The problem => Return the listing in full and exactly, but without a single picture.

Supplied information =>
--- START ---
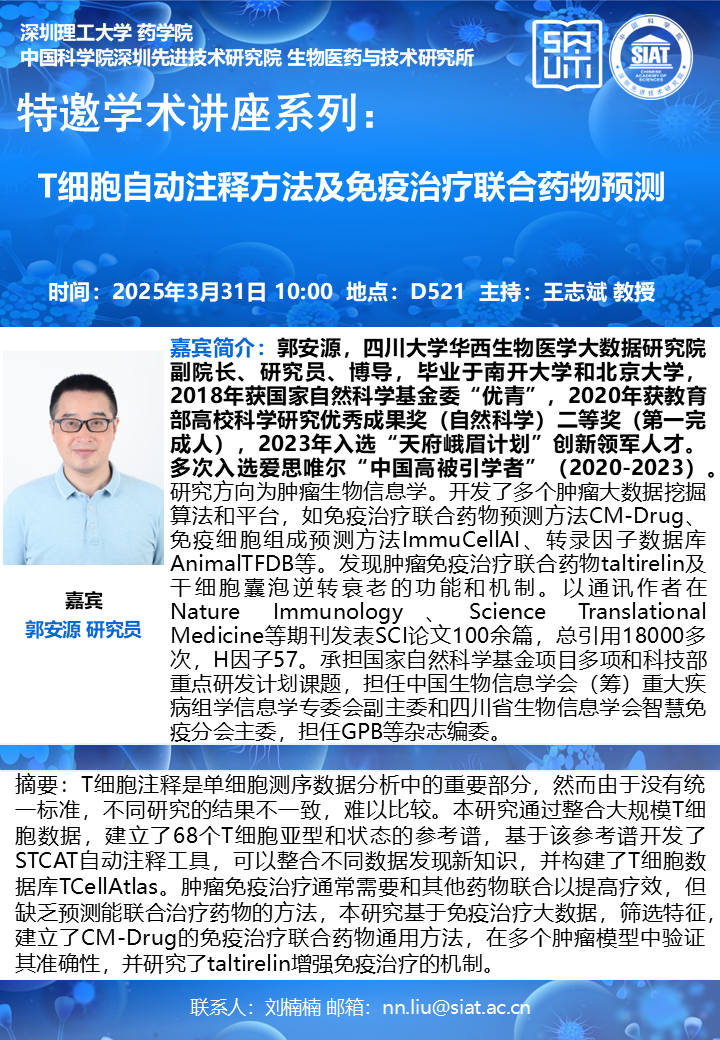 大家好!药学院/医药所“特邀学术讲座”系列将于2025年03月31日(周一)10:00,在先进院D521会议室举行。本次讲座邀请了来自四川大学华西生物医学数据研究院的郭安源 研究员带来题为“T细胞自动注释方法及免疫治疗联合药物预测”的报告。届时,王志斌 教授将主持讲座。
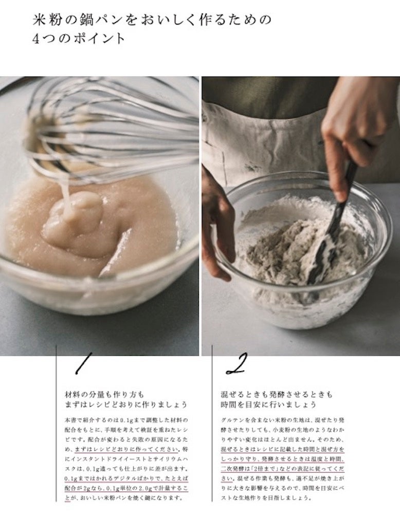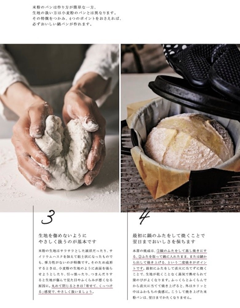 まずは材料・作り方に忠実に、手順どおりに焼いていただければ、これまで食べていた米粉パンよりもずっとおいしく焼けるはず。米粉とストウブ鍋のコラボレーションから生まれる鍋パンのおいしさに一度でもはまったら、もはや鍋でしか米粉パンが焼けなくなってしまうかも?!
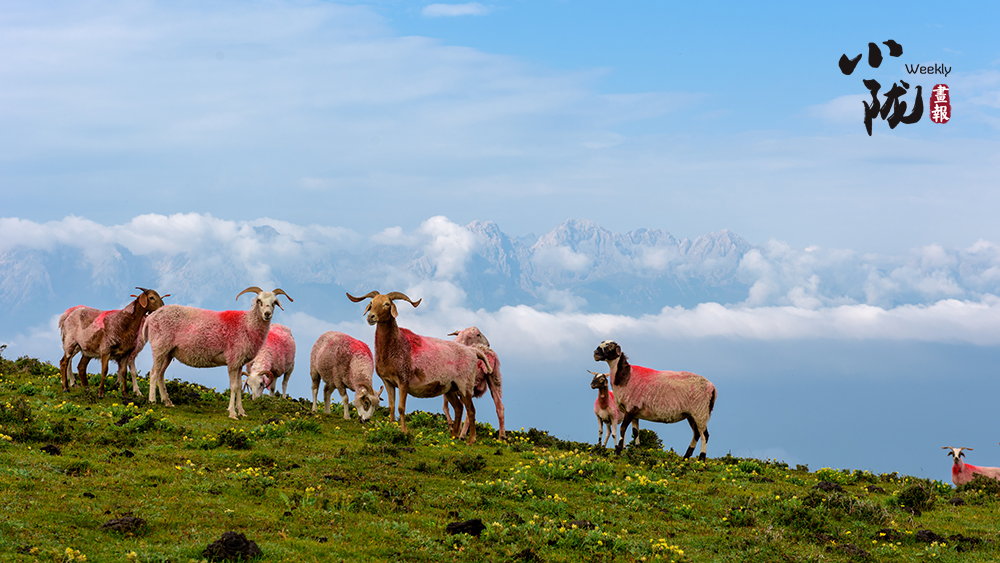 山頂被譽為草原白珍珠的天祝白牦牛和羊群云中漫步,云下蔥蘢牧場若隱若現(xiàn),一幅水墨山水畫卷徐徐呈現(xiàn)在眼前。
--- END ---
Completed task =>
 大家好!药学院/医药所“特邀学术讲座”系列将于2025年03月31日(周一)10:00,在先进院D521会议室举行。本次讲座邀请了来自四川大学华西生物医学数据研究院的郭安源 研究员带来题为“T细胞自动注释方法及免疫治疗联合药物预测”的报告。届时,王志斌 教授将主持讲座。
 まずは材料・作り方に忠実に、手順どおりに焼いていただければ、これまで食べていた米粉パンよりもずっとおいしく焼けるはず。米粉とストウブ鍋のコラボレーションから生まれる鍋パンのおいしさに一度でもはまったら、もはや鍋でしか米粉パンが焼けなくなってしまうかも?!
 山頂被譽為草原白珍珠的天祝白牦牛和羊群云中漫步,云下蔥蘢牧場若隱若現(xiàn),一幅水墨山水畫卷徐徐呈現(xiàn)在眼前。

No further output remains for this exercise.